The show has also become more marketable as it became more mainstream; the humor that used to seem so cutting edge is much tamer compared with risqué animated shows such as Fox's Family Guy and Comedy Central's South Park.
"It was once a crazy kids and teenage property," says Oliver Gers, a licensing expert who used to work at marketing firm IMG. "But it has evolved with its audience into a family show."

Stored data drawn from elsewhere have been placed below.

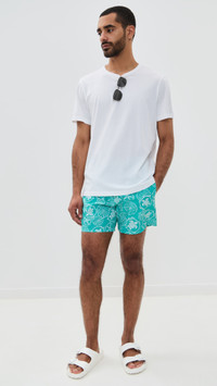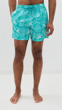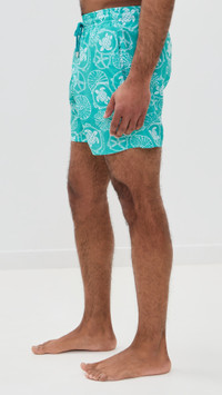 - Fabric: Lightweight, non-stretch weave - Logo patch at back - Turtle and urchin print - Covered elastic waist with drawstring - On-seam hip pockets and flap back pocket - Shell: 100% recycled polyamide - Mesh lining - Wash cold - Imported, Tunisia Style #VILEB30202 Size & Fit Model measurements: Size M: Zach (6'0") usually wears size M Measurements from size M Rise: 12.25in / 31cm Inseam: 5.5in / 14cm Outseam: 15.25in / 39cm
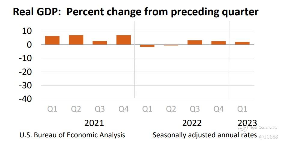 Based on the 3rd estimate released by the Bureau of Economic Analysis (BEA), US Real gross domestic product (GDP) increased at an annual rate of 2.0% in Q1 2023.
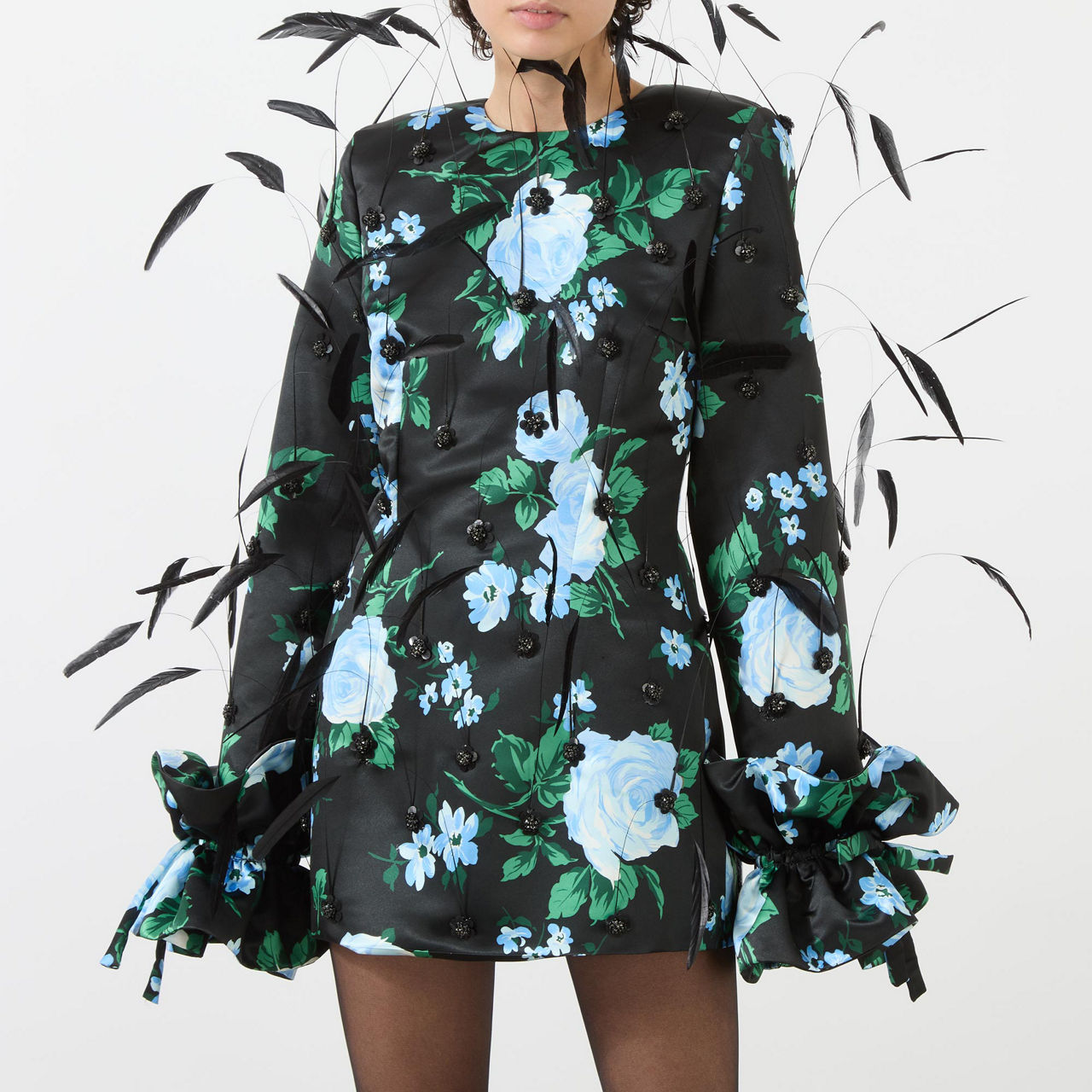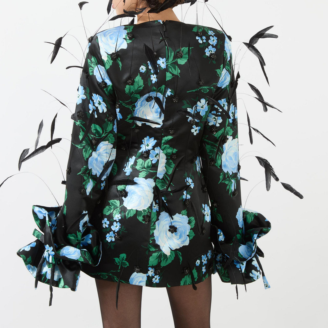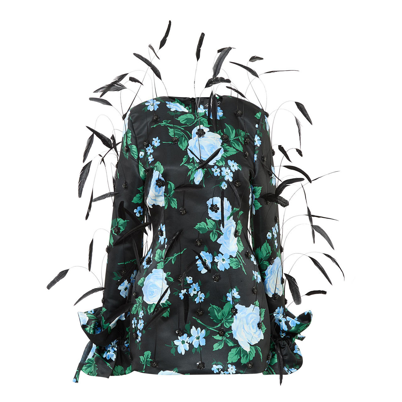 - Round neckline, long sleeves, oversized tie-fastening ruffle cuffs, floral pattern, sequin details, feather embellishments, back zip-fastening closure, smooth fabric
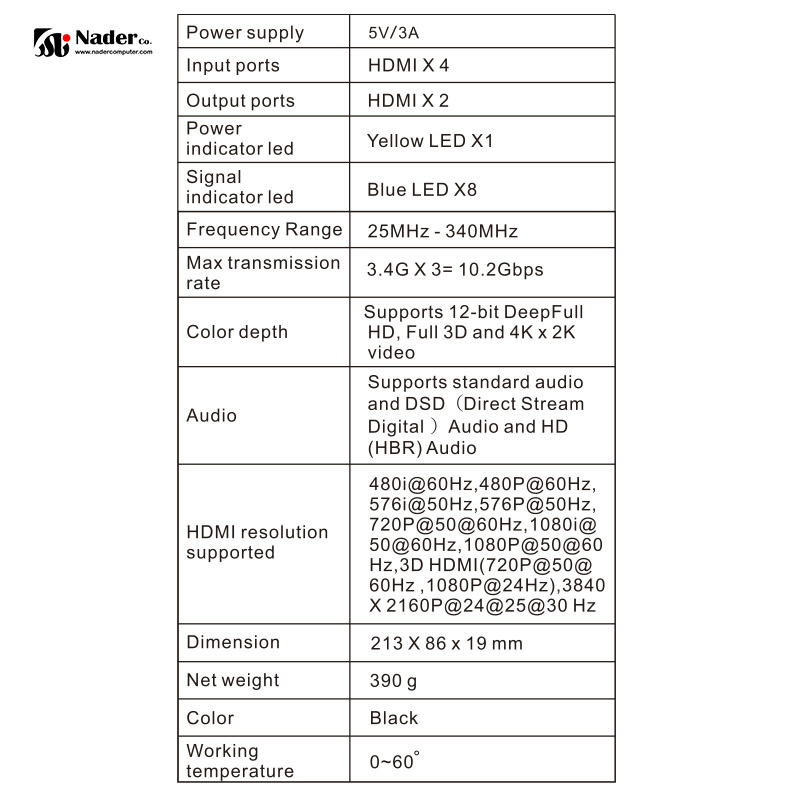مشخصات کلی سوئیچ ماتریکس 4 در 2 HDMI لنکنگ مدل LKV342PRO:
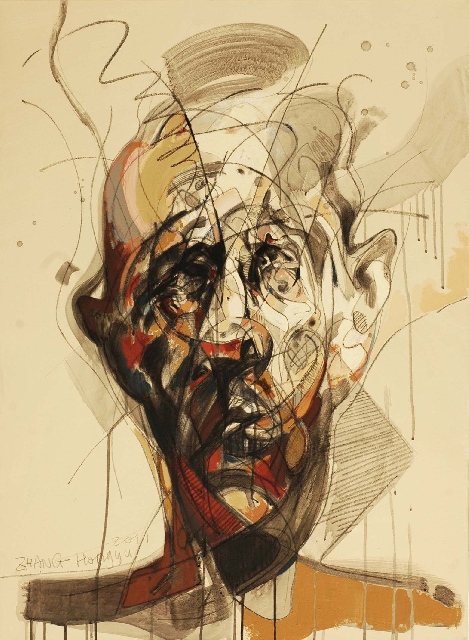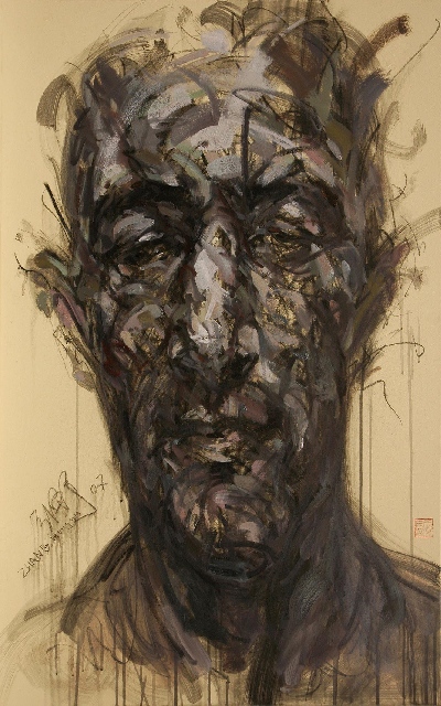 Présentation : Essentiellement portraitiste d'un même visage émacié, vue de face, le nez proéminent, capté par des coups de pinceau nerveux  à l'acrylique noir ; sur cette face, il déroule une pelote de traits noirs et parsème des gouttelettes comme une transgression par regret, N° 36, (2012).
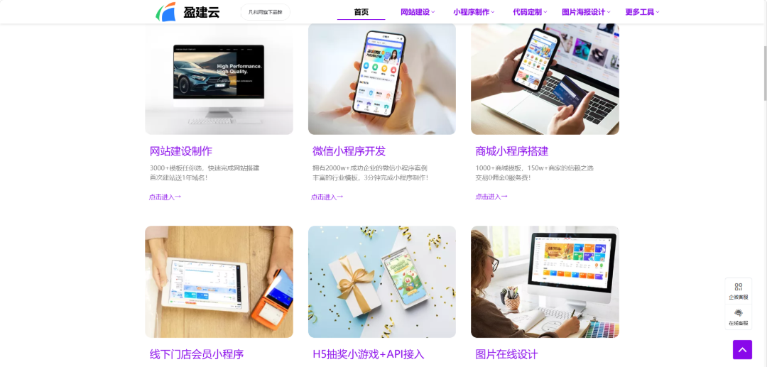 如果你的目标是品牌认知、信任构建,那盈建云将会是一个不错的选择,适用于B2B、高端服务、设计创意等行业。
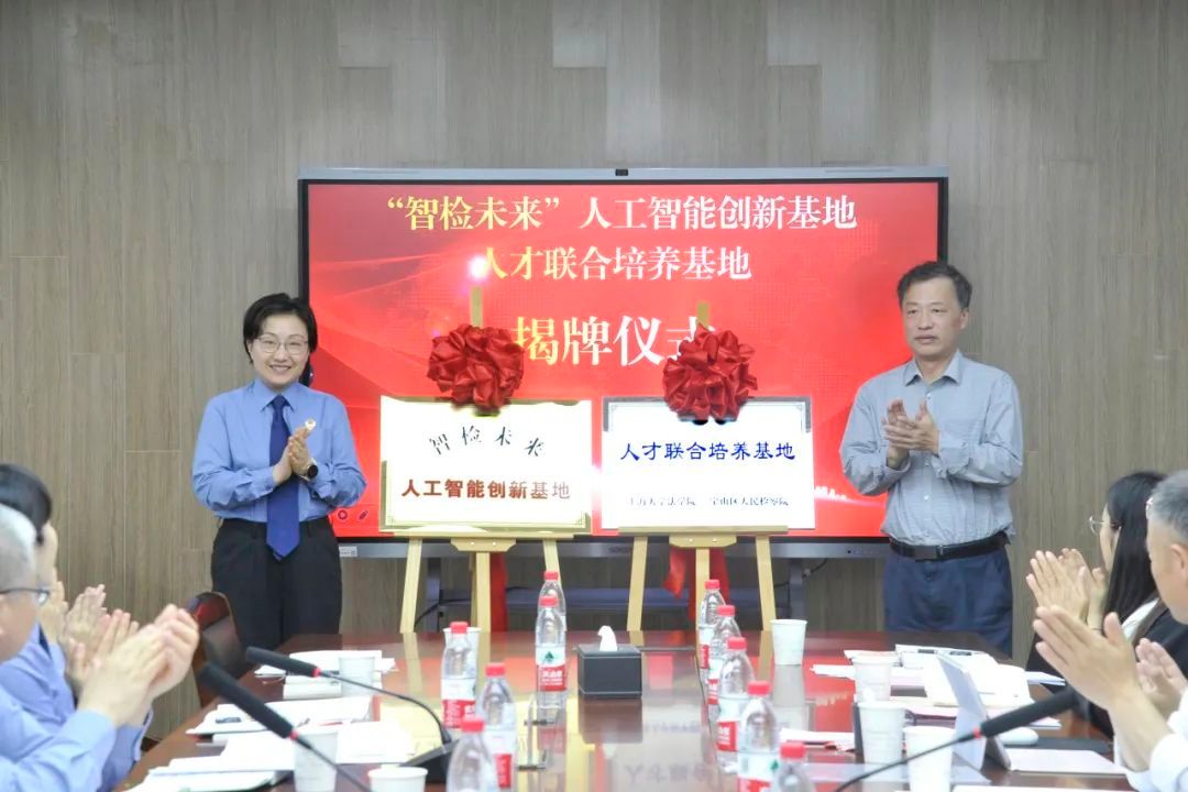 宝山区人民检察院党组书记、检察长孙琳与beat365唯一官网法学院党委书记徐国明为“智检未来”人工智能创新基地、人才联合培养基地揭牌。
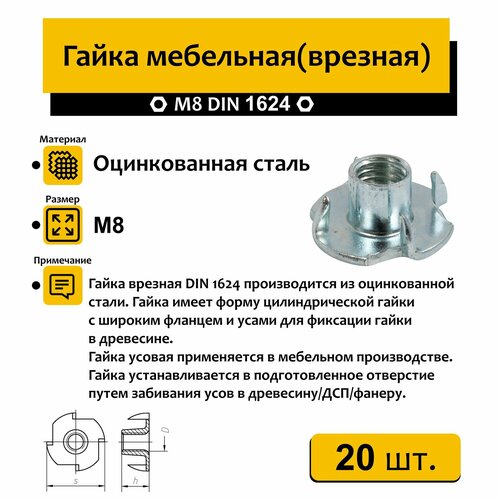 Гайка врезная / мебельная М8 цинк, 20 шт.
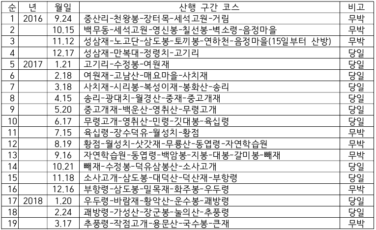 [백두대간 종주 전체 일정(매월 셋째 주 토요일 기준)]
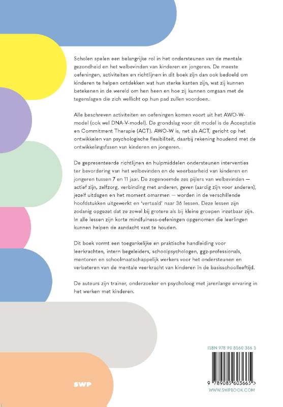 Scholen spelen een belangrijke rol in het ondersteunen van de mentale gezondheid en het welbevinden van kinderen en jongeren. De meeste oefeningen, activiteiten en richtlijnen in dit boek zijn dan ook bedoeld om kinderen te helpen ontdekken wat hun sterke kanten zijn, wat zij kunnen betekenen in de wereld om hen heen en hoe zij om kunnen gaan met de tegenslagen die op hun pad zullen komen. Alle activiteiten en oefeningen komen voort uit het AWO-W-model (ook wel DNA-V-model) dat ontwikkeld is voor kinderen en jongeren. De grondslag voor dit model is ACT, Acceptatie en Commitment Therapie. AWO-W is er, net als ACT, op gericht om psychologische flexibiliteit te ontwikkelen maar houdt rekening met de ontwikkelingsfasen van kinderen en jongeren. De zes hoofdstukken bevatten richtlijnen en hulpmiddelen voor het uitvoeren van interventies die het welbevinden bevorderen. Ieder hoofdstuk gaat in op een van de zes aspecten: actief zijn, zelfzorg, verbinden met anderen, geven aan anderen, jezelf uitdagen en het moment omarmen. De 36 lessen zijn zodanig ingericht dat leerkrachten er zowel met grotere als kleine groepen mee kunnen werken. In alle lessen zijn korte mindfulness-oefeningen opgenomen die leerlingen kunnen helpen de aandacht vast te houden. De inhoud van dit boek is een toegankelijke en praktische handleiding voor leerkrachten, IB, schoolpsychologen, ggz-professionals, mentoren en schoolmaatschappelijk werk voor het ondersteunen en verbeteren van de mentale veerkracht van kinderen in de basisschoolleeftijd. De auteurs zijn trainer, onderzoeker en psycholoog met jarenlange ervaring in het werken met kinderen.
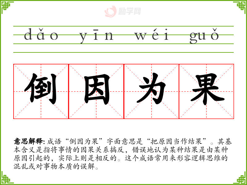 通过对“倒因为果”的学,我深刻认识到因果关系在逻辑思维中的重要性。这个成语不仅帮助我更好地理解语言中的逻辑,还促使我在日常生活中更加注意思考的严谨性。在语言学中,准确把握因果关系是有效沟通的基础。
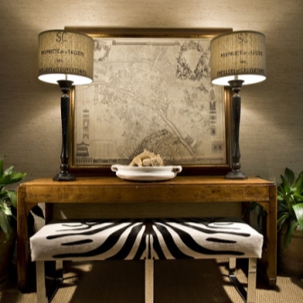 - المدخل على الطراز الأفريقي هو شغب الألوان والمطبوعات. في مثل هذا الممر ، دعنا نقول ضوءًا خافتًا قليلاً ، ظلل الظلال الرئيسية للتصميم – الأصفر والبني والأخضر والبيج. يمكن أن تكون ثريات السقف مربعة الشكل ، بينما يمكن تزيين الجدران بمصابيح مخروطية الشكل ، يتم توجيه ضوءها إلى الأعلى حصريًا. يمكن تزيين الردهة الأفريقية بإضاءة مثل المصباح الأرضي. سيصبح عاكس الضوء عنصرًا زخرفيًا مذهلاً ؛ وغالبًا ما يأخذ دورًا مميزًا في الداخل..

That fact seems to bemuse Groening.
"The goal for me was to see if I could invade pop culture — my tastes are a little more oddball and non-commercial," he says. "It was an attempt, at least in the beginning, to see how far I could push it. It's still a pretty odd show. It turned out to be popular. But it easily could have gone the other way."
T-shirts are cool
Now the goal is to keep up with trends in pop culture. For example, Fox is developing a style guide for licensed apparel and other merchandise that adopts the graphic-heavy look of classic rock album covers and tattoos, newly popularized by Guitar Hero and other video games.
"Somebody who's going to the Troubadour to watch a live show from a local band wouldn't mind wearing a shirt — it still looks cool," Dekel says. "But if you look at it closely, you'll say, 'Hey, that's Bart's head in there.' "
The Simpsons has an advantage over rivals when it comes to putting the characters into a commercial context. Most residents of Springfield are eager to get rich quick, so the real-world merchandising can become part of the gag.
"We try not to have Homer hold up a product and endorse it," Groening says. "On the other hand, Krusty the Clown will endorse anything because that's his character."
Is there anything that the Simpsons wouldn't sell? Groening says that he vetoed a proposal to have Simpsons slot machines.
Dekel, though, says he keeps an open mind.
"There were times years ago when we probably would not have done some of the products we're doing today," he says. "But society, culture and the marketplace evolve. The sensibilities of the show evolve. So I never say never."
Yet while he hones his strategy to turn the Simpsons into enduring and marketable pop icons, Groening says it's important to remember that the show itself has to come first.
"We try to keep the whole Simpsons juggernaut funny and surprising," he says. "From there, everything rolls out. But very rarely is anything within the show done in a calculated way."